Précédés d’un statut de favori à la Coupe d’Afrique des nations 2010 en Angola, les Eléphants de Côte d’Ivoire ont présenté la plus mauvaise copie de leurs trois dernières participations à la Can.
Le lendemain du cauchemar, nous avons fait une incursion dans le village olympique où logeait la sélection ivoirienne. Ce camp a pris un coup de froid, un calme des jours de deuil. Comme dans un cimetière.

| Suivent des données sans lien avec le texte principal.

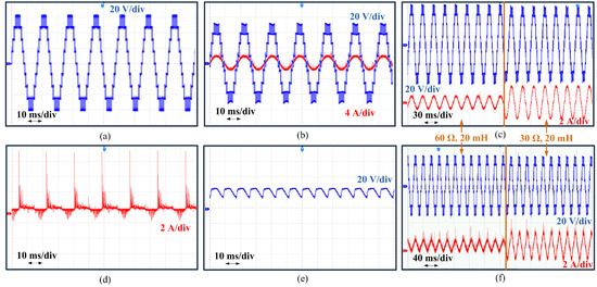 Experimental results of sine–triangle PWM applied to DB9LI: (a) No load voltage, (b) output voltage and load current at 60 , 20 mH, (c) step load change at , (d) capacitor current, (e) capacitor voltage, and (f) step load change at .
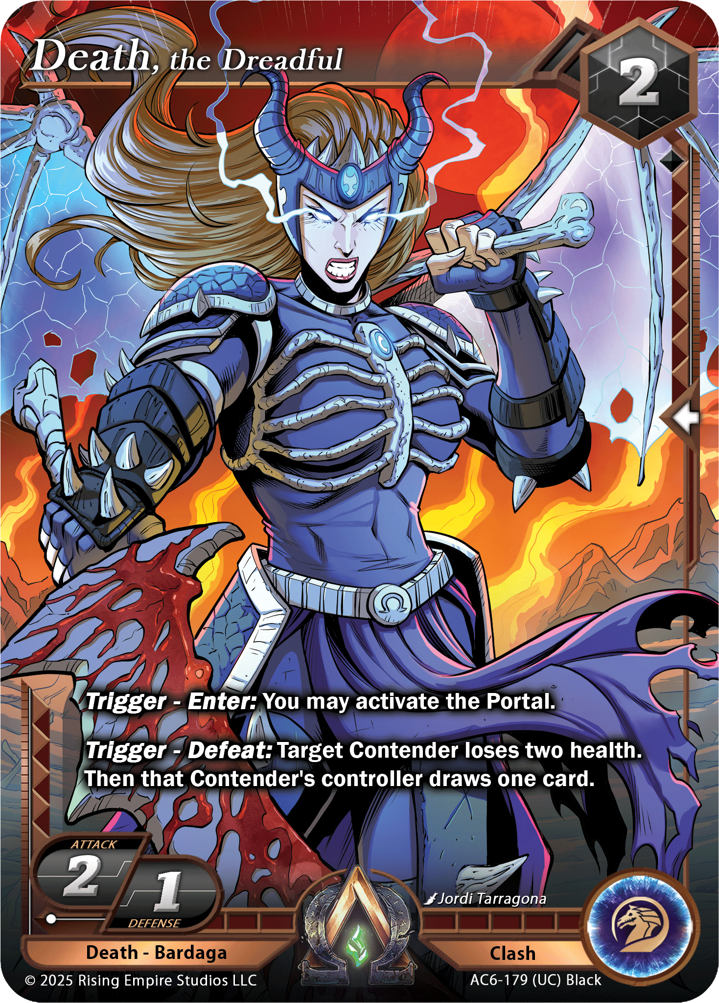 Updated Text: If this card deals clash damage to a Contender, you may deal three damage to another target Clash card you control. If that Clash card is defeated by this effect, you may deal X damage to target Clash card or Contender, where X is equal to the defeated Clash card’s initial resource cost.

Construit pour les besoins de la Coupe d’Afrique des nations 2010 dans le village de Buco Ngoio, dans la province de Cabinda (Angola), le village olympique a abrité au départ les quatre délégations du groupe B, notamment la Côte d’Ivoire, le Ghana, le Burkina Faso et le Togo. Après l’attaque perpétrée sur les Eperviers du Togo par le Flec, des dispositions de sécurité ont été prises par les autorités angolaises qui ne permettaient plus l’accès au village. D’où l’appellation de « Guantanamo », par comparaison à la célèbre prison américaine.
Lundi 25 janvier, le lendemain du ‘‘dimanche noir’’ des Eléphants. 10 heures 30. Le village olympique était déjà inaccessible. Il l’était davantage après l’élimination des Eléphants restés seule sélection dans ce nouveau ‘‘camp militaire’’. Comment y pénétrer ? Une supplique aux pompiers de service qui escortent les délégations et le tour est joué. Nous voilà confortablement assis derrière leur véhicule sécurisé. Avec les gyrophares et la sirène, les policiers, puissamment armés, laissent passer l’ambulance. Quelle chance! Nous sommes à l’intérieur du camp. Abdul Kapo, un journaliste ivoirien introduit auprès des pros et moi, mettons rapidement pied à terre.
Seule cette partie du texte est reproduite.